Keynote Speakers
Dr. Eleonora Ferraris
Eleonora Ferraris received a MSc degree in Industrial Engineering at the Politecnico of Milano in 2002, and a PhD degree in Materials Engineering at the Universita’ degli Studi Tor Vergata in 2006. The same year, she moved to Belgium for a Post-Doctoral position at the KU Leuven, and in 2008 she was granted with a Marie Curie Intra European Fellowship. Since 2013, she is appointed as Professor at the KU Leuven, Faculty of Engineering Technology, Campus De Nayer, with research and teaching responsibilities in manufacturing related disciplines, and she is the leader of the Advanced Manufacturing Laboratory (AML) research group. During her career, Ferraris developed a multidisciplinary profile, with competence ranging from micro electromechanical system (MEMS) to high precision and micromachining, material testing and system design. Her present research interest is Additive Manufacturing, including hot material extrusion (MEX) with filament feedstock and aerosol jet printing for smart devices and biomedical applications. During her career, she has been awarded with a Diploma A. Baroncelli (2007), a Technology Innovation Awards (2004), and multiple best paper awards. She is (co-)author of more than 150 publications, among peer reviewed journal and international conference, presentations and posters, also including 2 book chapters.
Dan Gelbart
Lasers in Advanced Manufacturing
The price of high-power lasers dropped from $30,000/KW to under $3000/KW in the last 10 years and keeps dropping. This has major implications not just for laser-based metal printing, but to many advanced manufacturing processes that are becoming viable at these prices. The talk will cover the key ideas of using lasers in thermal applications, where the heat rather than the wavelength matters.

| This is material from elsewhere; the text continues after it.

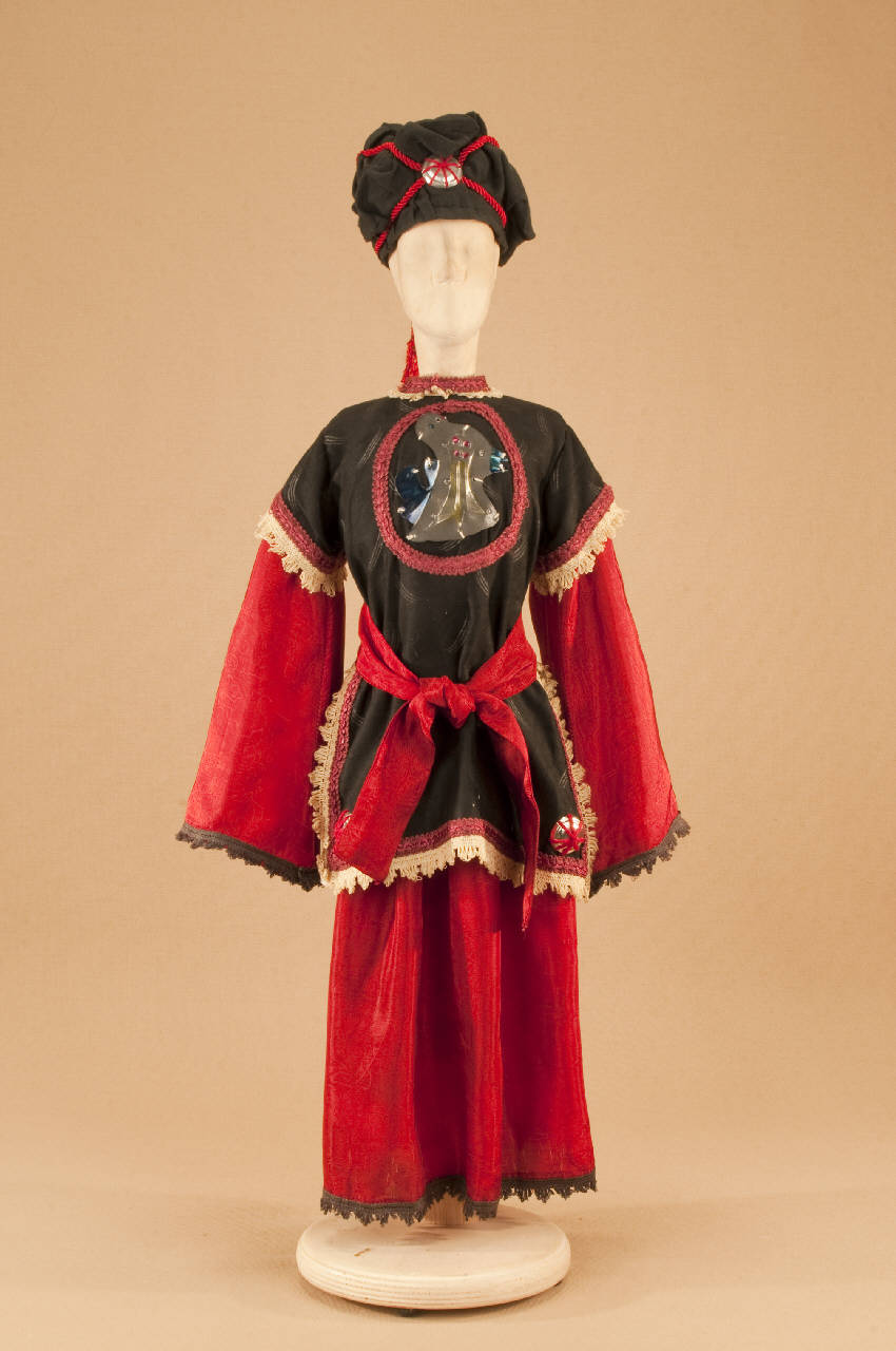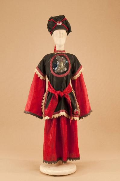 Costume folcloristico orientale composto da gonna, sopravveste, fascia e turbante.

The ideas covered will be: taking advantage of the extreme non-linear nature of thermal imaging, matching power density and dwell times to the material, focal spot shaping, multi-channel laser systems, increasing focal depth by apodization and other subjects essential for designing successful laser based advanced manufacturing tools.
Dan Gelbart is a Canadian inventor and entrepreneur. He has over 150 US patents and is a cofounder or founder of several successful high-tech companies with cumulative revenues exceeding $20 billion. Dan is the founder of Rapidia (metal AM) and the co-founder of Creo (laser technology for printing), Kardium (medical) and Ikomed (medical). Other successful companies based on Dan’s patents were MDI (telecom) and Cymbolic Sciences (imaging). Creo was sold in 2005 for one billion dollars. It had 4500 employees and revenues of $1 billion per year. Dan has a basket full of medals and awards he collected over the years. His hobbies are restoring old scientific instruments, teaching and metrology. He has a popular YouTube course on building prototypes. He has an MSc and BSc in Electrical Engineering from the Technion.
Dr. Wataru Natsu
The State-of-the-Art of Current Localization Technology in Scanning Electrochemical Machining
Electrochemical machining (ECM) is an effective manufacturing method for both macroscopic and microscopic components required in important industrial fields such as aerospace, microelectronics and biomedicine, because of its distinct advantages of high machining efficiency for difficult-to-cut materials, excellent surface quality, no tool wear and phase-change layer. However, low machining accuracy caused by stray corrosion is the biggest bottleneck for its further application expansion in industries. Localization of machining current is the ultimate means of improving machining accuracy in ECM. In this speech, the principles, features and effects of various current localization technologies, including the latest initiatives, will be presented.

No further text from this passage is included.